Dataset content =
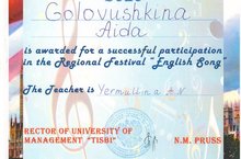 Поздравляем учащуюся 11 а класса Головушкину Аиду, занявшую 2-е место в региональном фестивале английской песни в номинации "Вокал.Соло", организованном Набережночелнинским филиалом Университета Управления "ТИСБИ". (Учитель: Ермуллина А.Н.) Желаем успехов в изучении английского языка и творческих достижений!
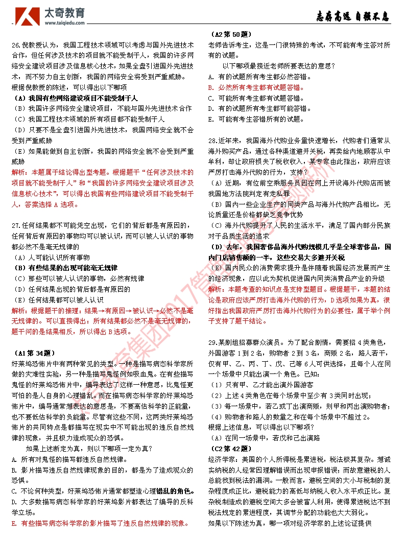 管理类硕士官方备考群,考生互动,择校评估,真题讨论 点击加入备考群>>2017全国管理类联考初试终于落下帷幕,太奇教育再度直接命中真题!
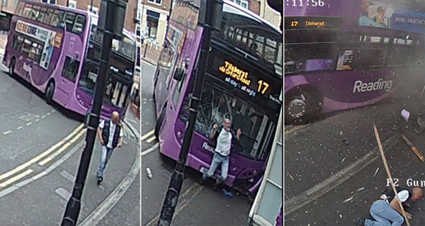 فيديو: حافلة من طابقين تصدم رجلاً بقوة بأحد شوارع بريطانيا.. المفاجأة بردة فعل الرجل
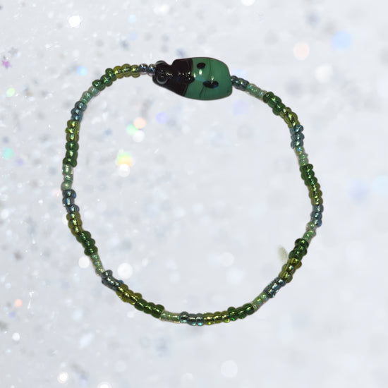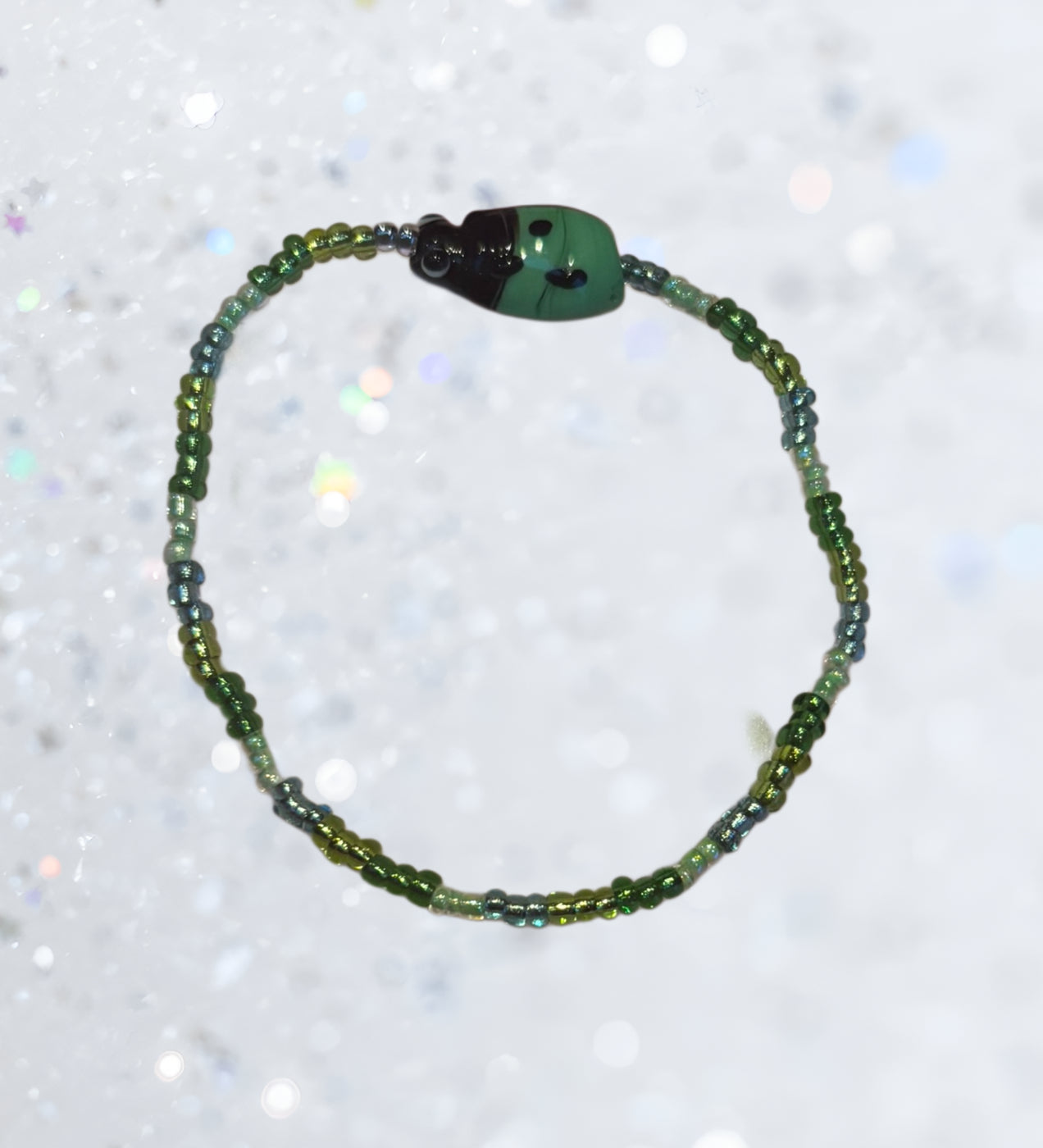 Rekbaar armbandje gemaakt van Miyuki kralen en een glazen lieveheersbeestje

The task = Once the line containing "管理类硕士官方备考群,考生互" is found, write it out exactly along with every line after it through the end of the listing, excluding pictures.

Solution to this exercise =
 管理类硕士官方备考群,考生互动,择校评估,真题讨论 点击加入备考群>>2017全国管理类联考初试终于落下帷幕,太奇教育再度直接命中真题!
 فيديو: حافلة من طابقين تصدم رجلاً بقوة بأحد شوارع بريطانيا.. المفاجأة بردة فعل الرجل
 Rekbaar armbandje gemaakt van Miyuki kralen en een glazen lieveheersbeestje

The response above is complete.